Palh

Regions with significant populations
- Pakistan, India

Languages
- Sindhi

Religion
- Islam • Hinduism

Related ethnic groups
- Samma • Sindhi

= Palh =

Sindhi Sammat tribe

The Pal, Paluh, or Palh (Sindhi: پلهہ) is a Sindhi Sammat tribe of Sindh province, Pakistan, in parts of Punjab bordering Sindh, also in Balochistan province, and also found in the Rajasthan of India. There is a railway station in Sindh, Hyderabad Badin line named after the name of Palh, Palh railway station.

==Distribution==
Most of this tribe live mainly in the Miranpur, Sindh, Padidan and Dariya Khan Marri areas of Naushahro Feroze District, Village Palh, and Dadu areas of Dadu District, Jam Sahib in Shaheed Benazirabad district, Ranipur, Sindh, Kunmb, Kandari, Village Tarki Turail and Palh village in Khairpur District.
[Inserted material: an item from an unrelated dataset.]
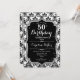 Elegant floral feminine 50th birthday invitation with your photo at the back of the card. Glam black white design with faux glitter silver. Features black and white damask pattern, script font and confetti. Perfect for a stylish adult bday celebration party. Personalise with your own details. Can be customised for any age! Printed Zazzle invitations or instant download digital printable template.

However some families are settled in the cities of Larkana, Sukkur, Hyderabad, Karachi, Multan, Quetta and Islamabad The total population of Palh tribe is around 23,000. There are some villages by the name of Palh in Badin, Dadu, Khairpur, and in Sukkur Districts.

The head of this tribe is called Sardar and current head of Palh tribe is Sikander Arbab Palh.